**Provided data:**
>>>

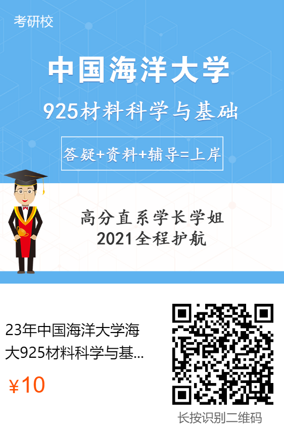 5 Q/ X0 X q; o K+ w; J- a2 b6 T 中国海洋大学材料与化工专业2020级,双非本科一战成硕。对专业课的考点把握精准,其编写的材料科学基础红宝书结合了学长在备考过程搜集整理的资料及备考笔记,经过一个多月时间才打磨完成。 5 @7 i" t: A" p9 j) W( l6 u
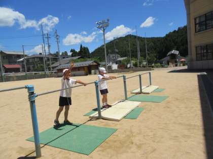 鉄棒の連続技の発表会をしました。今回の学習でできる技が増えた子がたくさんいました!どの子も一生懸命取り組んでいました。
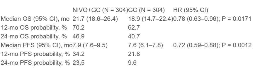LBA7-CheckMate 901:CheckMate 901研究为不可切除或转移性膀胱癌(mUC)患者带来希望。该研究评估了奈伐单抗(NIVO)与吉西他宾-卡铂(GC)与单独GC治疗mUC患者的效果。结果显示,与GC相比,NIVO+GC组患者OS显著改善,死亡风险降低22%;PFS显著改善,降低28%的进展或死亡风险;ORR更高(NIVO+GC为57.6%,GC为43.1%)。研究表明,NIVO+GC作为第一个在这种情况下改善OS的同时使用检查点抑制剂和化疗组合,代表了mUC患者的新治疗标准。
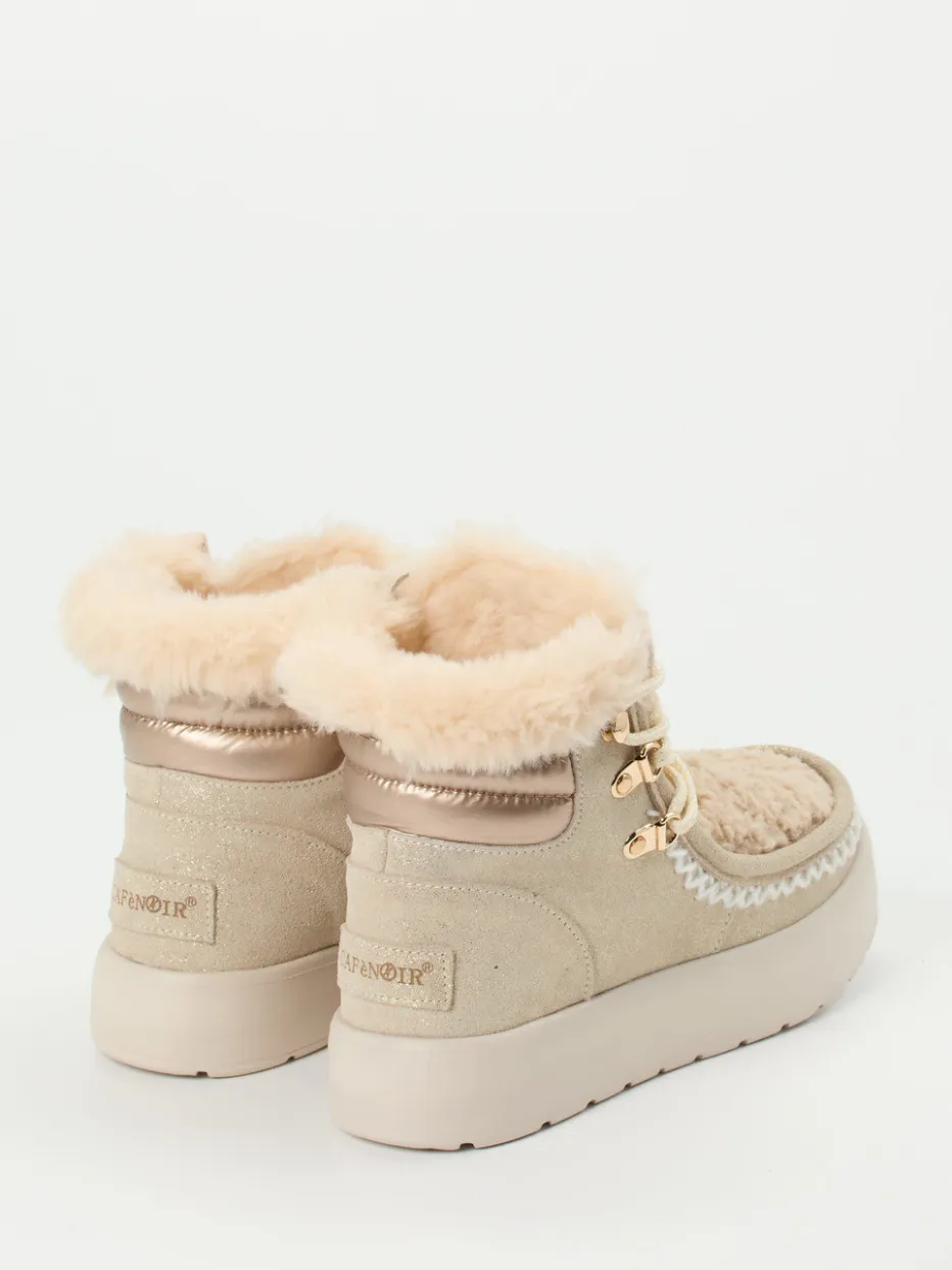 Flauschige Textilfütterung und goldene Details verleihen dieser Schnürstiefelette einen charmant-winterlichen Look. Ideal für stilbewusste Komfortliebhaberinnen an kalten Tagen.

<<<

**Exercise requirements:** Without changing a word, transcribe all of the data and omit its images.

**Written answer:**
 5 Q/ X0 X q; o K+ w; J- a2 b6 T 中国海洋大学材料与化工专业2020级,双非本科一战成硕。对专业课的考点把握精准,其编写的材料科学基础红宝书结合了学长在备考过程搜集整理的资料及备考笔记,经过一个多月时间才打磨完成。 5 @7 i" t: A" p9 j) W( l6 u
 鉄棒の連続技の発表会をしました。今回の学習でできる技が増えた子がたくさんいました!どの子も一生懸命取り組んでいました。
LBA7-CheckMate 901:CheckMate 901研究为不可切除或转移性膀胱癌(mUC)患者带来希望。该研究评估了奈伐单抗(NIVO)与吉西他宾-卡铂(GC)与单独GC治疗mUC患者的效果。结果显示,与GC相比,NIVO+GC组患者OS显著改善,死亡风险降低22%;PFS显著改善,降低28%的进展或死亡风险;ORR更高(NIVO+GC为57.6%,GC为43.1%)。研究表明,NIVO+GC作为第一个在这种情况下改善OS的同时使用检查点抑制剂和化疗组合,代表了mUC患者的新治疗标准。
 Flauschige Textilfütterung und goldene Details verleihen dieser Schnürstiefelette einen charmant-winterlichen Look. Ideal für stilbewusste Komfortliebhaberinnen an kalten Tagen.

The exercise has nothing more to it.